Problem requirements:
The answer should hold only the lines from the one containing "Marble Table Top" through the one containing "そんなビジネスの第一歩を踏み" in the entries below, copied exactly, without pictures.

Records for this exercise:
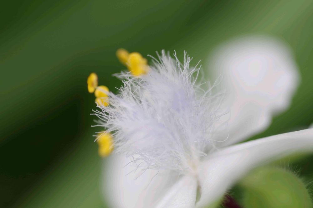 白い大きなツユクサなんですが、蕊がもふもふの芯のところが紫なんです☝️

==

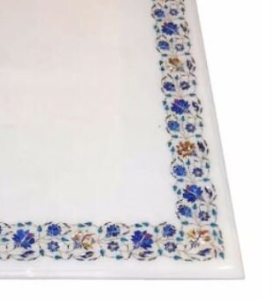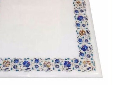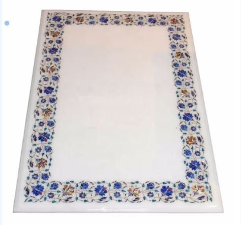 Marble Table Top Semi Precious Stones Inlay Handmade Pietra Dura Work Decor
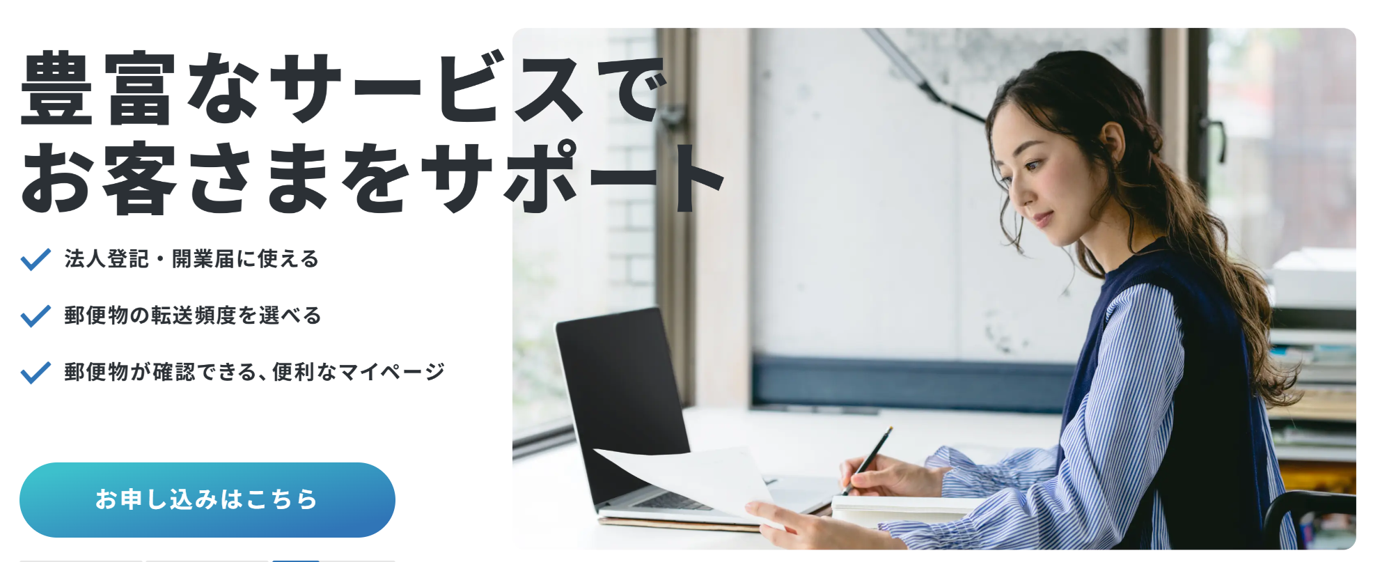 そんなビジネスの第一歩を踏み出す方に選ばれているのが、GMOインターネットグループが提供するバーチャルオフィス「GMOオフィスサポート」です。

Written solution:
 Marble Table Top Semi Precious Stones Inlay Handmade Pietra Dura Work Decor
 そんなビジネスの第一歩を踏み出す方に選ばれているのが、GMOインターネットグループが提供するバーチャルオフィス「GMOオフィスサポート」です。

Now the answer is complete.